USMCA may be an awkward name, but it appears to be a win for Canadian jobs and the Economy, with the notable exception of the Dairy industry — and possibly the steel industry, depending on post-agreement tariff actions. Prime Minister Justin Trudeau tweeted:
“A good deal for Canada that will strengthen the middle class, grow the economy, create new jobs and more opportunities for Canadian businesses, workers, and families.”
The late-night deal, right down to President Trump’s hard deadline delivered a more current trade agreement that also took into account digital rights and downloads. While the agreement might strongly favour the U.S. — as the dominant economy in the deal — it appears to be good for Canada in most respects, except new access to the Dairy industry in Canada for the U.S. Canada maintained won on its no-budget position on the independent dispute resolution.
Critical changes in USMCA
• USMCA increases regional content to 75% from 62.5%.
• A percentage of factors must pay workers at least $16 per hour — probably good for Canada, not so good for Mexico?
• The U.S. won access to 3.5% of Canada’s Dairy market.
• Canada removed barriers to milk, cheese and other dairy products coming in from the U.S.
• Updated rules (from NAFTA) for dealing with digital and intellectual property.
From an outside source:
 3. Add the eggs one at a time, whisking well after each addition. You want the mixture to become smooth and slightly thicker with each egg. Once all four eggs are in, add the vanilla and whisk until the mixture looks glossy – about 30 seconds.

• Pharmaceutical companies gain exclusive 10-year marketing rights.
• USMCA bans any duties on software, music and ebooks.
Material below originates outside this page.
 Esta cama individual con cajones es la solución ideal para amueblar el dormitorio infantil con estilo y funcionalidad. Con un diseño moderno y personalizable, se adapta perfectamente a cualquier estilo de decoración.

• USMCA comes up for review every six years.
Pesident Donald Trump tweeted his approval:
“Late last night, our deadline, we reached a wonderful new Trade Deal with Canada, to be added into the deal already reached with Mexico. The new name will be The United States Mexico Canada Agreement, or USMCA. It is a great deal for all three countries, solves the many deficiencies and mistakes in NAFTA, greatly opens markets to our Farmers and Manufacturers, reduces Trade Barriers to the U.S. and will bring all three Great Nations together in competition with the rest of the world. The USMCA is a historic transaction!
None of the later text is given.